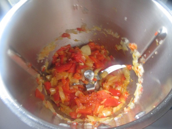 2- Picar la cebolla, ajos y pimiento 4 seg. vel.4. Bajar restos hacia las cuchillas, añadir el aceite y sofreír 10 min. Varoma, vel. cuchara.Varoma, vel. cuchara.
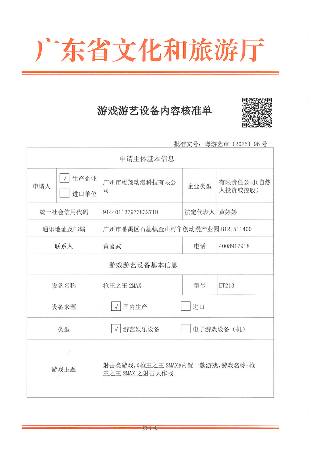 - 枪王之王2MAX-粤游戏审〔2025〕96号
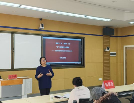 廖华英教授以主讲课程《中国文化概况》为例,详细介绍了课程概况、课程目标、建课历程、学情分析、课程痛点、课程育人体系设计等方面,并结合丰富的教学案例向学院教师展示,在建课和实际教学过程中如何践行以学生为中心,坚持立德树人根本任务,以产出为导向,以教师为关键,创新实现“润物细无声”的课程育人理念。她提出课程设计要注意突出校本特色和课程特色,注重挑战性和深度,建设过程中要充分发挥教研室、团队和行业专家的群体智慧,发扬工匠精神认真打磨教学设计。在互动环节,廖教授与在场教师就课程建设的重难点、课程思政元素融入、一流课程项目设计等话题展开深入探讨。与会教师纷纷表示受益匪浅。
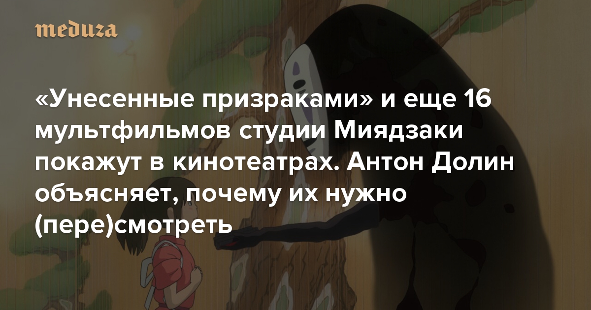 Кинокомпания «Пионер» 27 декабря выпустила в повторный прокат отреставрированную копию шедевра японской анимации — «Унесенных призраком» Хаяо Миядзаки, причем в новом переводе. Также на большом экране покажут 16 других фильмов студии «Гибли», которую возглавляет режиссер. Кинокритик «Медузы» Антон Долин объясняет, почему обязательно нужно посмотреть (или пересмотреть) картины Миядзаки.
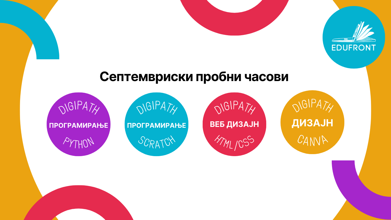 Едукативниот центар за деца Едуфронт најавува бесплатни, отворени, воведни часови за онлајн обуките од Digipath - дигитални патеки за програмирање, веб-дизајн и дизајн. Ваквите отворени настани веќе станаа традиција на Едуфронт и редовно се организираат четврта година по ред, на почеток на секоја училишна година. Преку нив им се дава можност на децата да се запознаат со неколку дигитални вештини и да стекнат основни знаења од нив, соодветни за нивна возраст.
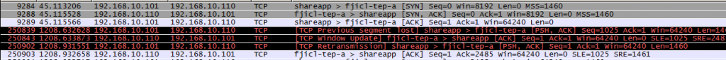 如上图,由于某种原因,发送端发给接收端的数据包序号1025,丢失了序号为1的包(250839)
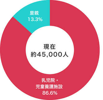 親と一緒に暮らせない子どもたちを公平な責任のもとで社会的に養育することを、社会的養護といいます。社会的養護の子どもたちは、現在の日本に約45,000人。そのうち約39,000人が、乳児院や児童養護施設で集団生活をしています。里親家庭で暮らしている子どもたちは約6,000人です。まだまだ里親さんは足りていません。
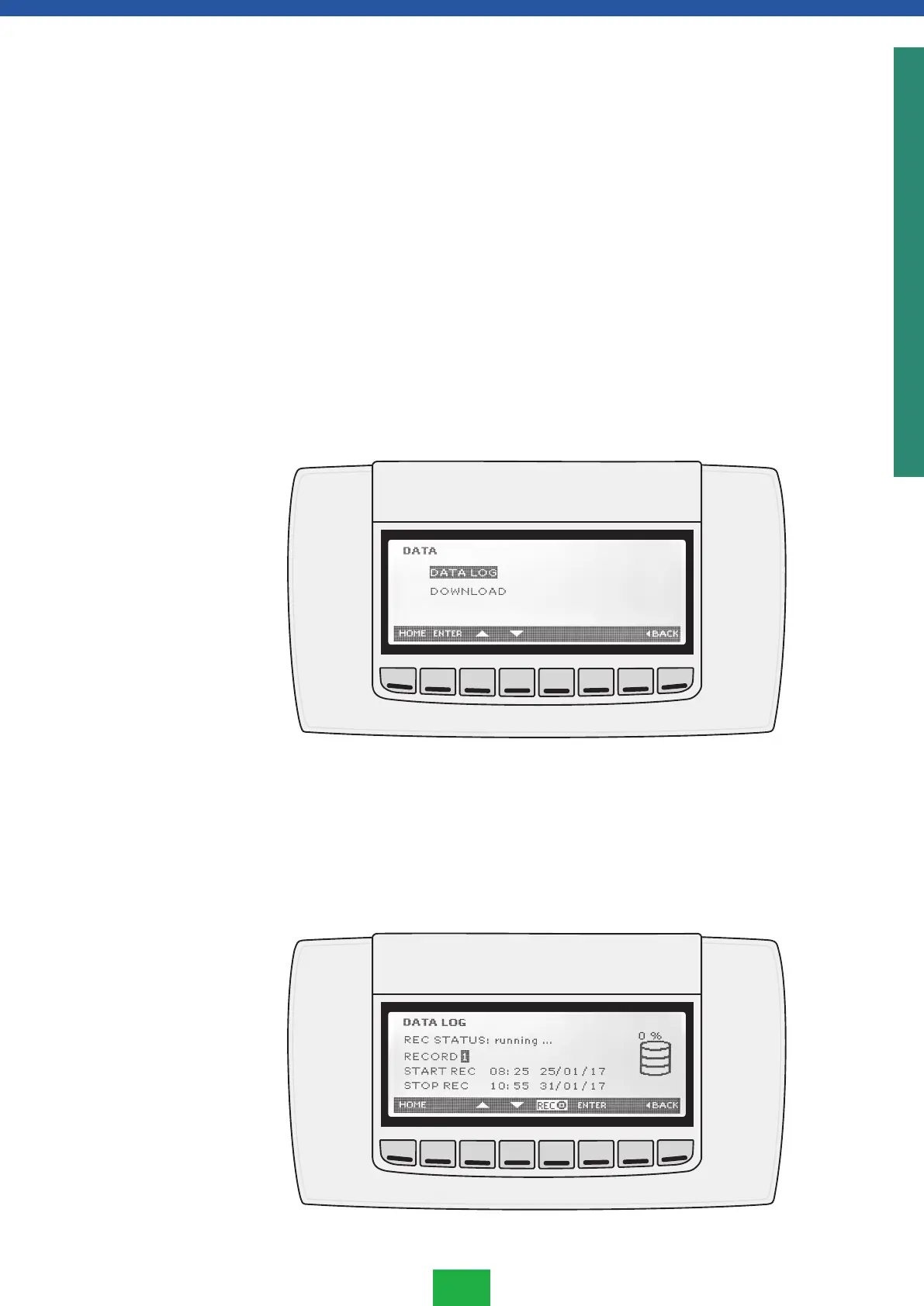 DATA LOG sisältää kaikki lämpötilatiedot, jotka säädin on tallentanut.
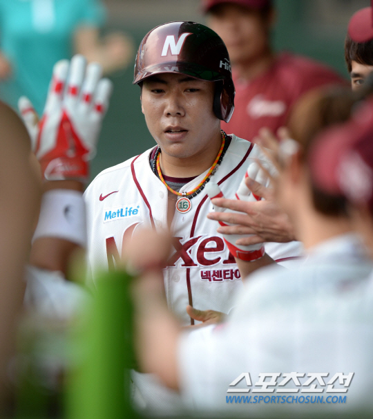 넥센과 SK의 주말 3연전 마지막 경기가 22일 목동구장에서 열렸다. 4회말 넥센 강정호가 SK 울프의 투구를 받아쳐 우측담장을 넘어가는 솔로홈런을 날렸다. 동료들과 기쁨을 나누는 강정호. 목동=허상욱 기자 wook@sportschosun.com/2014.06.22/ |
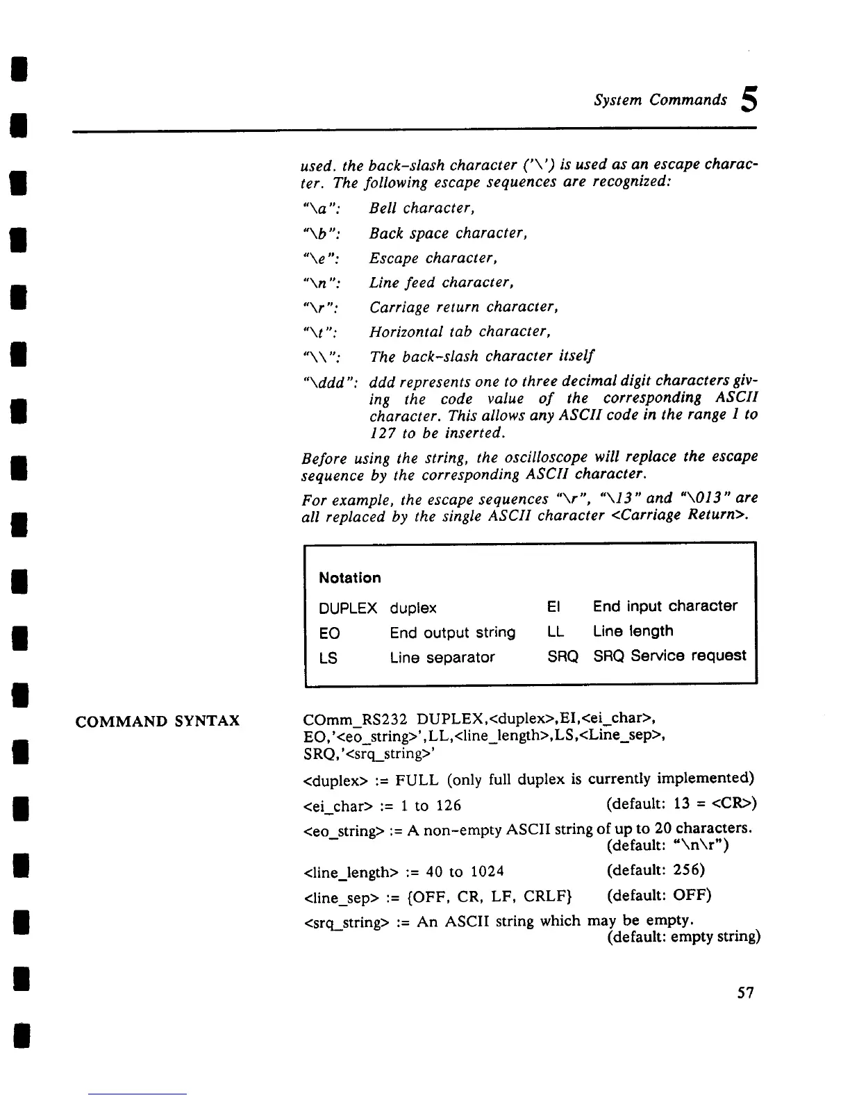 used. the back-slash character (’\’) is used as an escape charac-
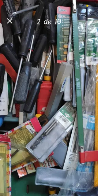 Lote de ferretería compuesto por: 1 escuadra 7 paquetes sierras caladora 3 limas 25 destornilladores 6 llaves portabrocas 3 discos tyrolit 32 brocas de punta para madera medidas 5,8 y 10 9 brocas para hormigón 102 brocas N3 1/8 TOTAL 190 PIEZAS TODO SIN USAR Y MARCAS ESPAÑOLAS.
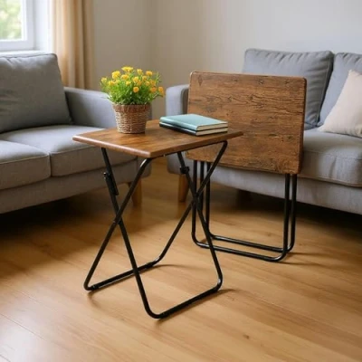 VERSATILE DESIGN: Compact folding TV tray table with walnut-finished MDF top and sturdy black metal frame, perfect for snacks, laptops, or as a side table SPACE-SAVING: Easy-fold mechanism allows for convenient storage when not in use, ideal for small living spaces and apartments DIMENSIONS: Table top measures 38.1 x 48 cm with a comfortable height of 66.5 cm, providing ample surface area for daily use STURDY CONSTRUCTION: Robust metal frame in classic X-shape design ensures stability, while the wood-look top adds a touch of warmth EASY ASSEMBLY: Ships flat-packed with straightforward assembly required, featuring a practical design for quick setup and storage
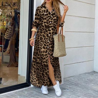 Damen-Kleid mit Leopardenmuster, V-Ausschnitt, langärmelig, Maxikleid, lässig, lockere Passform, Frühlings- und Sommerkleid für Büro, Alltag, Urlaub, Party
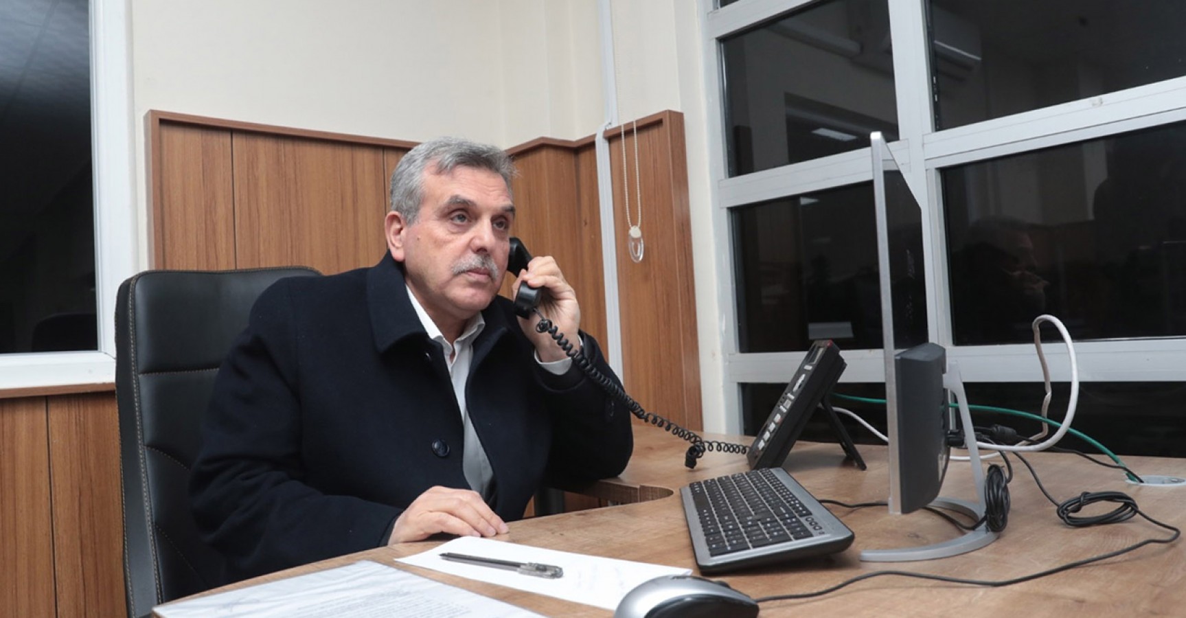 Burada gelen çağrılarla ilgili personellerden bilgi alan Başkan Beyazgül, telefonun başına geçerek gelen çağrılara cevap verdi.
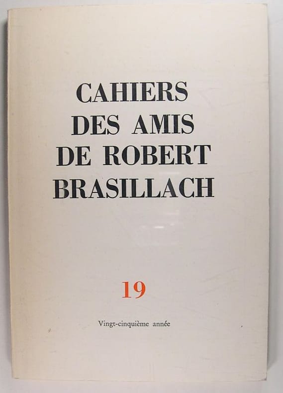 Lausanne, Cahiers des amis de R. Brasillach, 1974. Plaquette (230x155mm) brochée, 96 p. Bon état général.
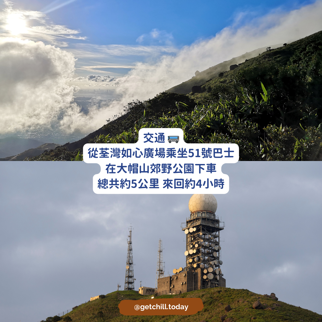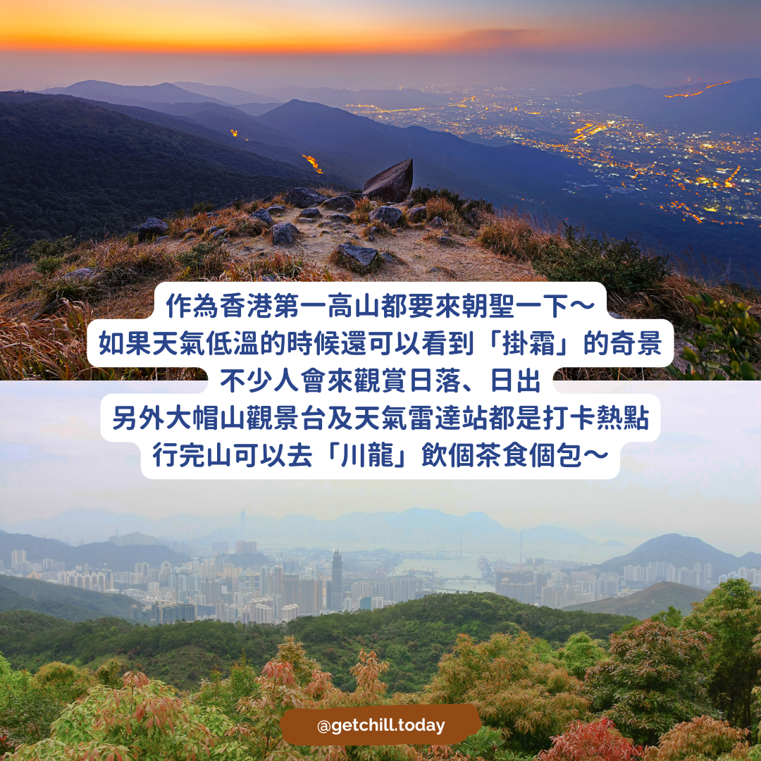作為香港第一高山都要來朝聖一下~如果天氣低溫的時候還可以看到「掛霜」的奇景不少人會來觀賞日落、日出另外大帽山觀景台及天氣雷達站都是打卡熱點行完山可以去「川龍」飲個茶食個包~全部都係自助式:自己斟茶、自己揀茶葉、自己揀點心、自己調味、拎埋位剛剛出爐嘅點心好香好味全部都好大件蝦餃、金錢肚、牛肉球、牛柏葉都係唔錯嘅選擇交通 🚌從荃灣如心廣場乘坐51號巴士在大帽山郊野公園下車總共約5公里 來回約4小時
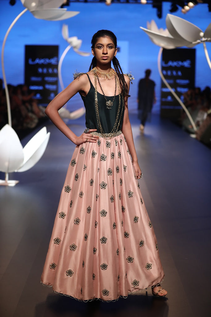 Emerald silk top with shoulder embellishments with rose pink silk clove embroidered skirt
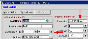 Each individual profile and contact profile contains a field for the person's Title (e.g., Mr, Mrs, Herr, Dr, etc.) on the Profile screen. The titles available when you select the Title field down arrow on the Profile screen depend on the language selected for the profile in the Language field. In other words, if you select E, for English, the available titles might be Mr, Mrs, or Ms. If you select F, for French, the available titles might be Mlle, Mm, or M. Additionally, when you select the title, a pre-configured default salutation for guests having that title appears in the Salutation field. For example, if you select the title "Mr" for Michael Summers, the default salutation might be "Dear Mr Summers." The default salutation can be edited for this profile directly in the Salutation field.
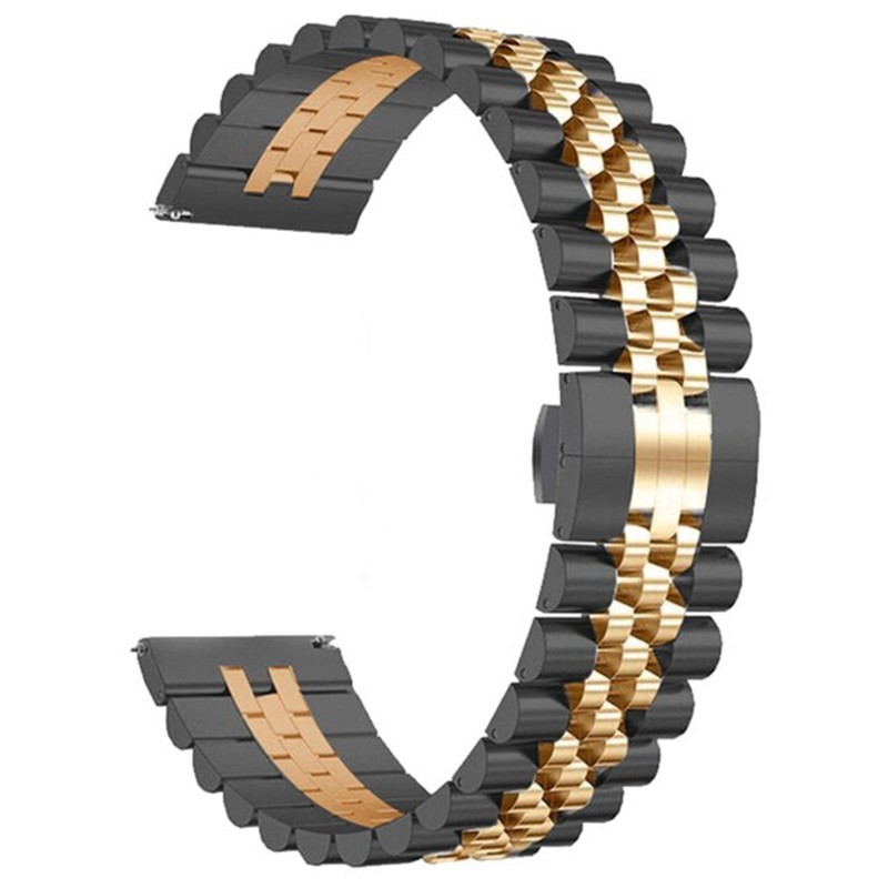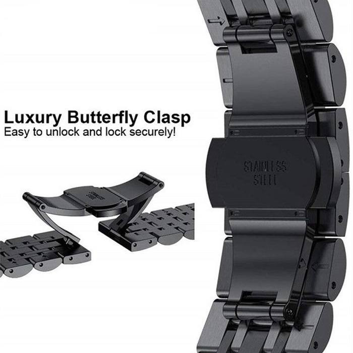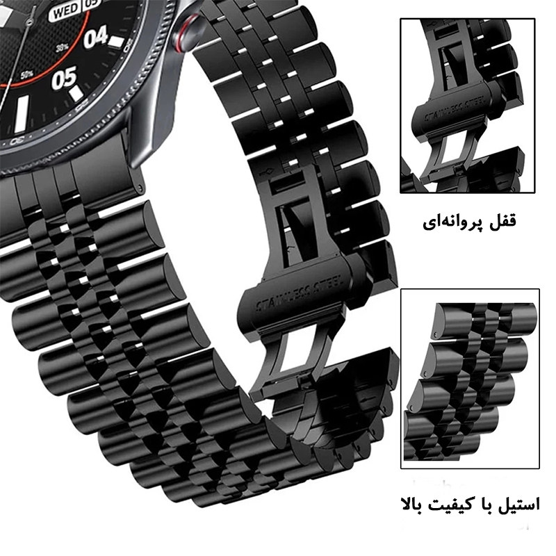 بند رولکسی فلزی مدل Texere 5B مناسب انواع ساعت های هوشمند بوده و هر نوع سلیقه ای را خوشنود و راضی می کند. بند فلزی ضد زنگ و ضد حساسیت آن این اطمینان را به شما می دهد که به مدت طولانی از آن بهره ببرید. برای تغییر بند ساعتتان به راحتی میتوانید پین های بند را باز کرده و بند را جا به جا کنید همچنین به راحتی میتوانید سایز آن را کوچک بزرگ کنید تا به سایز مناسب مچ دست شما برسد. این بند دارای قفل بسیار محکم میباشد که به راحتی باز نمیشود و از شل شدن ساعت دور دست شما جلوگیری میکند. سبک بودن و راحتی بند های Texere 5B از مزایای منحصر به فرد این بند هاست.
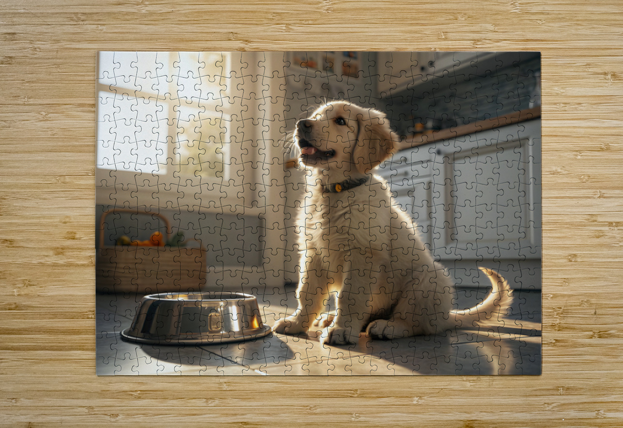 Golden Retriever Puppy Discovers Empty Food Bowl Puppy Prints Puzzle printing
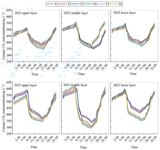 Both the planting density and the practice of postponed nitrogen fertilization exert a pronounced influence on the canopy CO2 concentration of uniformly sown winter wheat (illustrated in Figure 7). The canopy CO2 concentration experiences a steady yet relatively moderate upward climb from 0:00 to 8:00, attaining its peak value precisely at 8:00. Subsequently, it dips to its lowest concentration between 16:00 and 18:00. The findings from the two-year experimental trials reveal that, during the period from 8:30 to 17:30, a reduction in the planting density is concomitant with a decline in the CO2 concentration across each canopy layer. When the planting density is held constant, the implementation of postponed nitrogen fertilization leads to a decrease in the CO2 concentration at each layer, with the T4 (the ratio of base fertilizer, jointing fertilizer, and booting fertilizer is 4:3:3, with a planting density of 3.3 million plants per hectare) treatment registering the lowest CO2 concentration. In addition, in the vertical aspect, the magnitude of the carbon dioxide concentration in the canopy is shown as the lower layer > the upper layer > the middle layer.
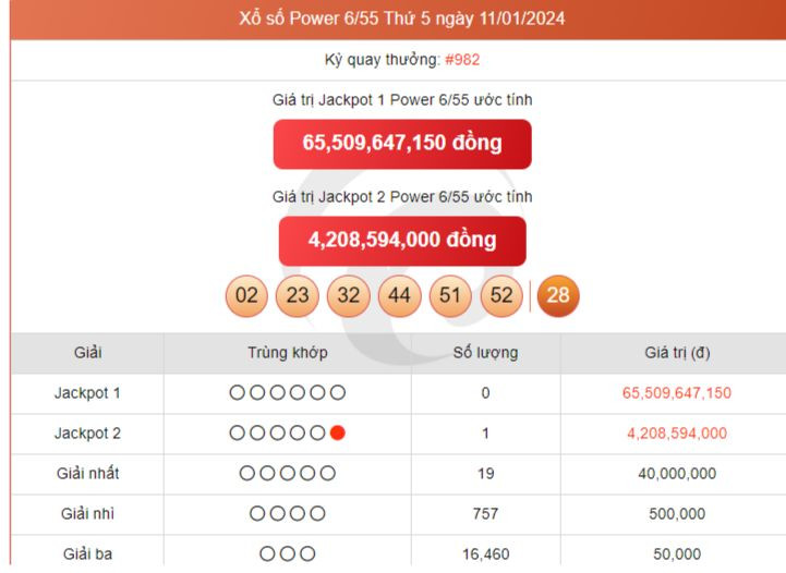 Giải Jackpot: trùng khớp 6 số, giải thưởng trị giá tối thiểu 12 tỷ đồng và tích lũy.

-------------------------

### Work to be completed
Word for word, restate the lines from the first line of the material through the line containing "- 枪王之王2MAX-粤游戏审〔2025〕96号", with the pictures left out.

### Task output
 2- Picar la cebolla, ajos y pimiento 4 seg. vel.4. Bajar restos hacia las cuchillas, añadir el aceite y sofreír 10 min. Varoma, vel. cuchara.Varoma, vel. cuchara.
 - 枪王之王2MAX-粤游戏审〔2025〕96号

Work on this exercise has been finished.